DOE: There’s a definite need for a fast test reactor
GE Hitachi Nuclear Energy is working with Idaho National Laboratory on the Versatile Test Reactor concept design that is based off of its PRISM reactor.
source: Energy Gov USA
There’s a growing interest in advanced nuclear energy.
Private companies have already invested more than $1 billion in new reactor designs that will be smaller, more affordable, highly flexible and extremely safe. So safe, in fact, that in the event of a problem, human intervention is not necessary.
More than 40 U.S. companies are already working on these incredible reactor designs that could help power our homes, provide clean water, and decarbonize energy-intensive industries.
There’s just one problem…
The United States doesn’t have a facility to effectively test and qualify the materials needed to develop some of these advanced reactors.
That’s why it is imperative that the U.S. Department of Energy moves forward with its plans to build a versatile test reactor, or VTR.
What is a versatile test reactor?
VTR, tightly coupled with the rest of our research infrastructure, will be the state-of-the-art science and technology lab for advanced nuclear energy.
It will feature a sodium-cooled fast reactor that uses high energy neutrons to test and develop advanced reactor fuels and materials.
Fast reactors use fast-moving neutrons to operate at higher temperatures and lower pressures.

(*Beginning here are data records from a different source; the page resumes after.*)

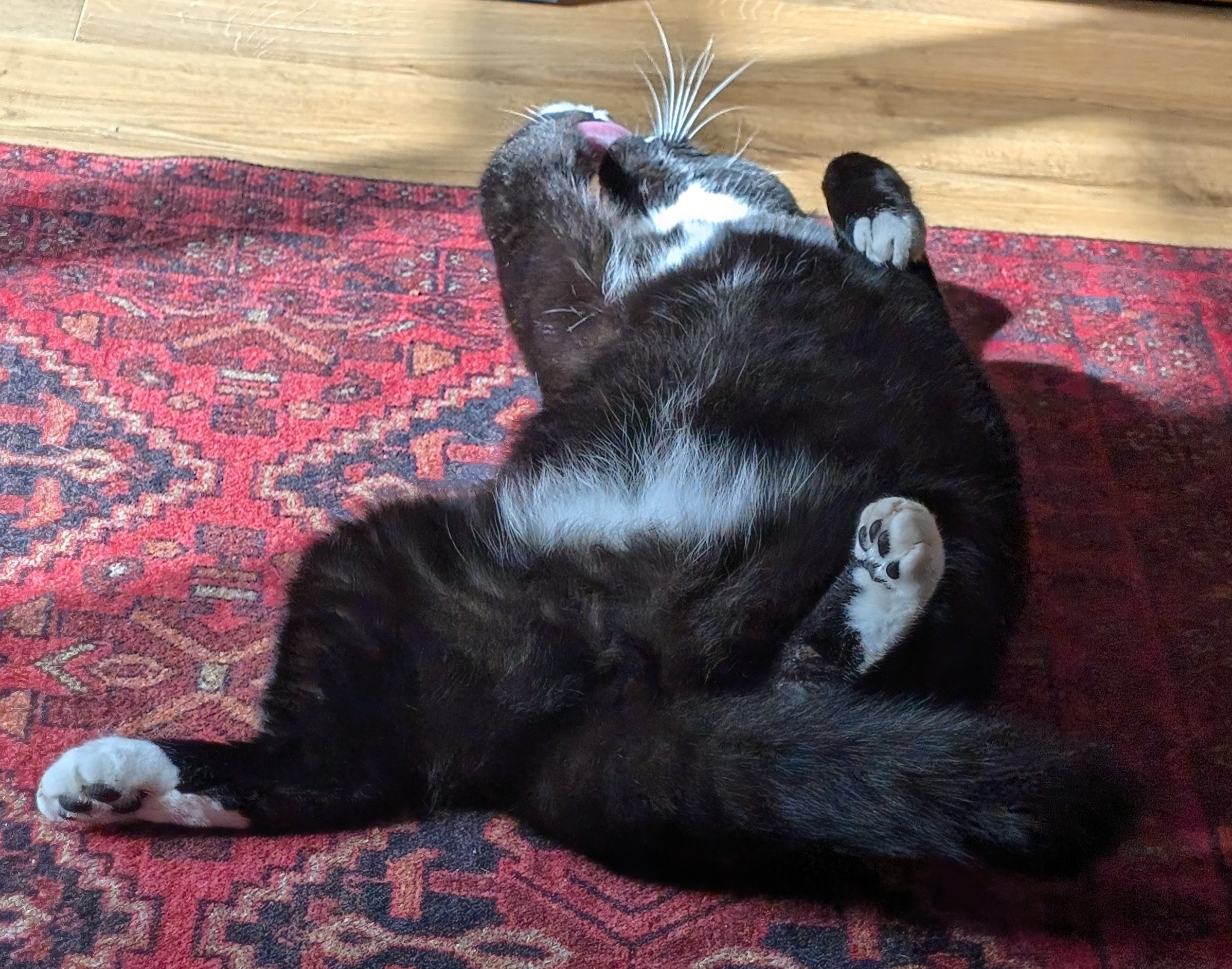 catberg's birthday today so i split a ribeye with him. cooked my half and cut his bit into little bites.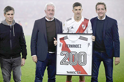 Es el quinto jugador del plantel en llegar a los 200 partidos, aparte de Jonathan Maidana, Milton Casco, Franco Armani y Enzo Pérez.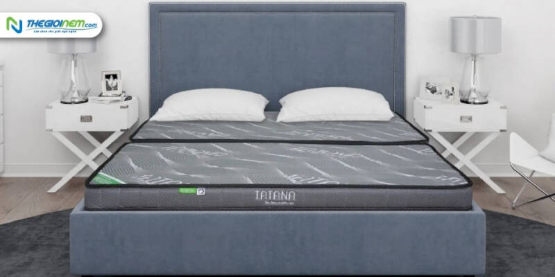Nệm cao su tổng hợp TATANA được sản xuất từ nguyên liệu tổng hợp cao cấp theo dây chuyền công nghệ tiên tiến hiện đại với thiết kế bề mặt nệm êm ái, chịu lực tốt, nâng đỡ tối đa mang đến cảm giác êm ái đưa bạn vào giấc ngủ sâu và yên giấc.

They can be cooled by molten salt, liquid metal, or helium gas.
This leads to inherent safety features, higher operating efficiencies and less waste.
Why do we need VTR?
Many of the advanced reactor designs that will likely produce power in the future will be fast reactors.

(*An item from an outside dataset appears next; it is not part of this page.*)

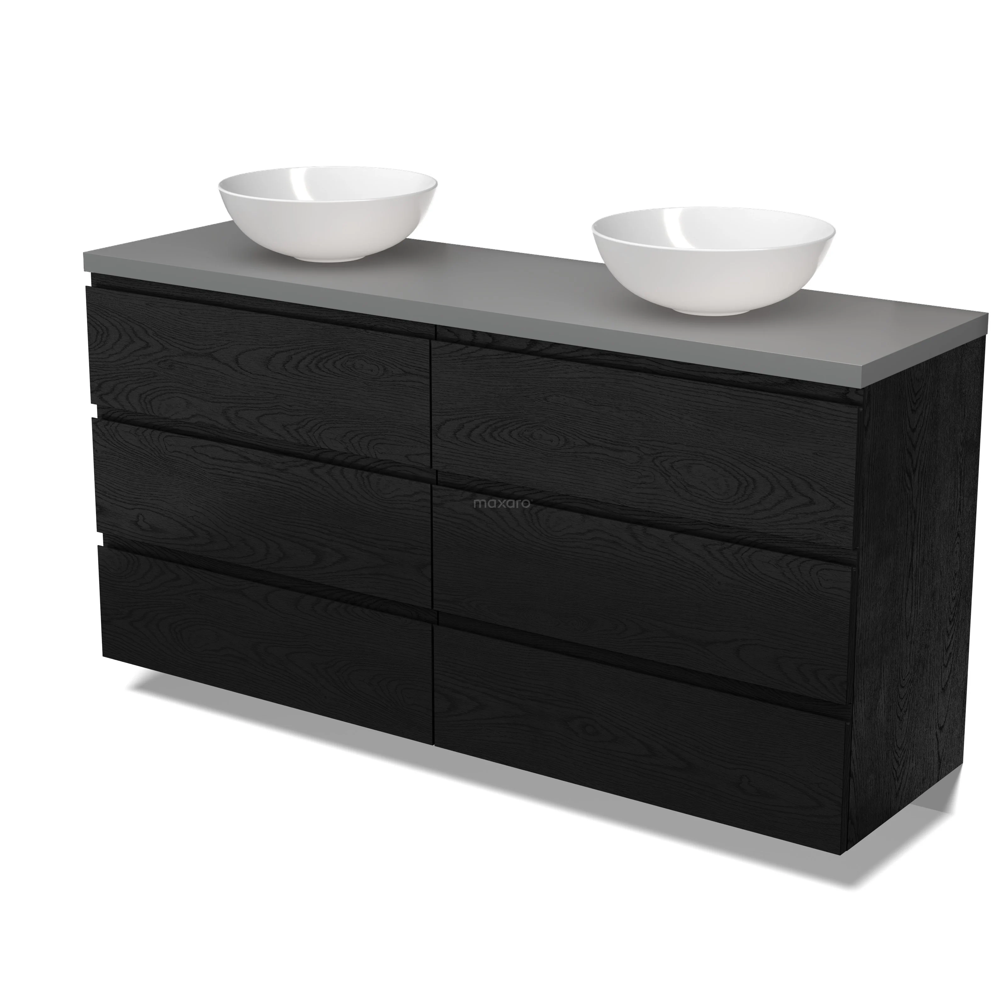 Modulo Plato Badmöbel mit Aufsatzwaschbecken | 160 cm Schwarze Eiche Grifflos front Dunkelgrau blatt 6 Schubladen

Because these designs use high energy neutrons, they interact differently with the materials they come in contact with.
Unfortunately, U.S. developers are limited in the amount of data they can use to properly characterize these materials.
That’s because America hasn’t operated a fast test reactor in more than two decades.

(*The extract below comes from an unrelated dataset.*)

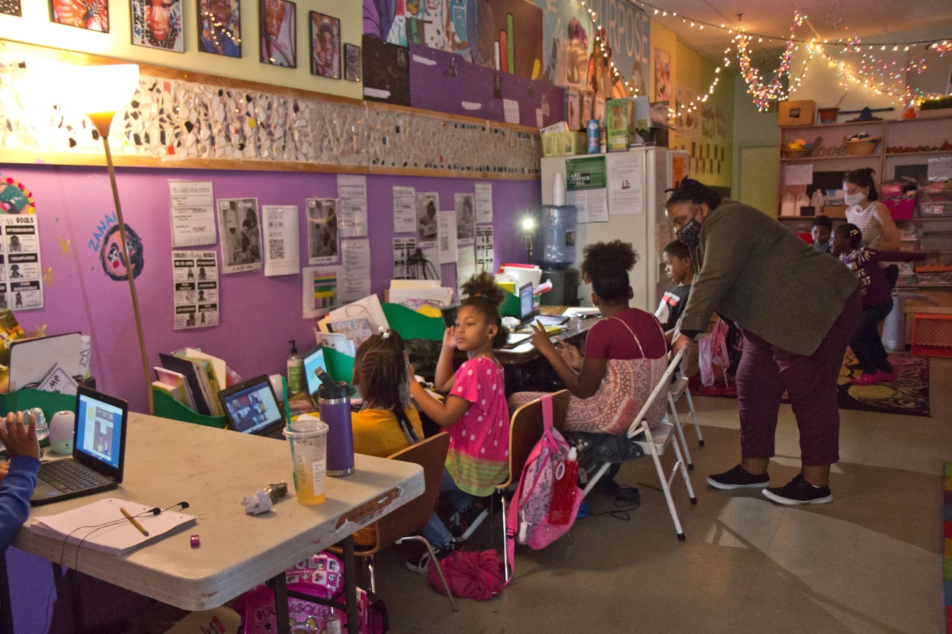 Sabriaya and her equity pod students during the pandemic at Tree House Books.

VTR eliminates this research gap and would drastically speed up the time it takes to test, develop and qualify advanced reactor technologies.
It would also be pivotal in creating new fuels, materials, instrumentation and sensors that could position the U.S. as a global leader in advanced nuclear technology.
These innovations could drastically extend lifetime reactor cores, boost fuel performance and even accelerate fusion research.
Putting America first
Advanced nuclear will be developed with or without the United States.
If we don’t build this capability, U.S. companies will have no choice but to rely on foreign countries like Russia and China to develop their technologies.
This would be a missed opportunity for our nation to modernize its nuclear research infrastructure and export new technologies that could re-energize the nuclear industry.
Regaining global leadership in this emerging technology space is also essential in protecting our interests, along with our allies, when it comes to nuclear safety, security and non-proliferation.
DOE will now move forward with its conceptual design of the reactor, which could be completed as early as 2026 at the site of one our national labs.